[STORED DATA — start]

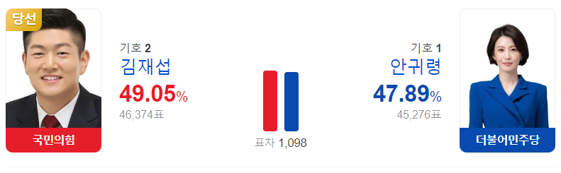 여론조사 결과에서도 민주당 안귀령 후보의 지지율이 계속 높았지만, 최종 투표 결가에서는 1098표 차이로 안귀령 후보가 낙선하고 말았습니다.
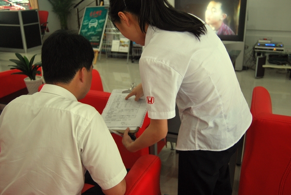 远远看到客户的到来,服务顾问随即上将接待,与客户进行接洽。
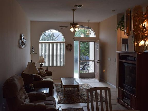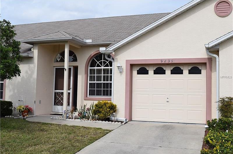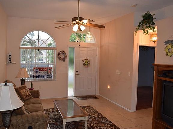 This very well maintained villa is offered by the original owner. Enter through the front door into the large Living Room with High Ceilings and plenty of Natural Lighting through the beautiful arched windows. The adjoining Dining Room also has high ceilings and a sliding glass door that leads to the air conditioned Florida Room. The large eat in kitchen is well lighted and features a bay window behind the breakfast table. The Master Bedroom features a walk-in closet and a Master Bath with a large walk-in shower. The 2nd bedroom and guest bath are to left of the living room. There is a single car garage off the Kitchen. This beautiful home features Ceramic Tile in the living areas, kitchen and baths, Laminate in the bedrooms. The Air Conditioner was replaced in 2012.
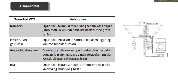 Mesin Penggiling dan Penghancuran Sampah (Schedder Machine), Pencacah Organik dan Pencacah Plastik (Chruser) menyiapkan aneka jenis sampah anorganik dan biomassa kering menghasilkan densitas dan kepadatan massa bagi pembangkitan energi panas gasifikasi, pirolisis dan biodigester.

[STORED DATA — finish]

**TASK DESCRIPTION**
Wherever a picture appears in the material above, skip it and copy the rest without change.

**SOLUTION FOR THIS EXERCISE**
 여론조사 결과에서도 민주당 안귀령 후보의 지지율이 계속 높았지만, 최종 투표 결가에서는 1098표 차이로 안귀령 후보가 낙선하고 말았습니다.
 远远看到客户的到来,服务顾问随即上将接待,与客户进行接洽。
 This very well maintained villa is offered by the original owner. Enter through the front door into the large Living Room with High Ceilings and plenty of Natural Lighting through the beautiful arched windows. The adjoining Dining Room also has high ceilings and a sliding glass door that leads to the air conditioned Florida Room. The large eat in kitchen is well lighted and features a bay window behind the breakfast table. The Master Bedroom features a walk-in closet and a Master Bath with a large walk-in shower. The 2nd bedroom and guest bath are to left of the living room. There is a single car garage off the Kitchen. This beautiful home features Ceramic Tile in the living areas, kitchen and baths, Laminate in the bedrooms. The Air Conditioner was replaced in 2012.
 Mesin Penggiling dan Penghancuran Sampah (Schedder Machine), Pencacah Organik dan Pencacah Plastik (Chruser) menyiapkan aneka jenis sampah anorganik dan biomassa kering menghasilkan densitas dan kepadatan massa bagi pembangkitan energi panas gasifikasi, pirolisis dan biodigester.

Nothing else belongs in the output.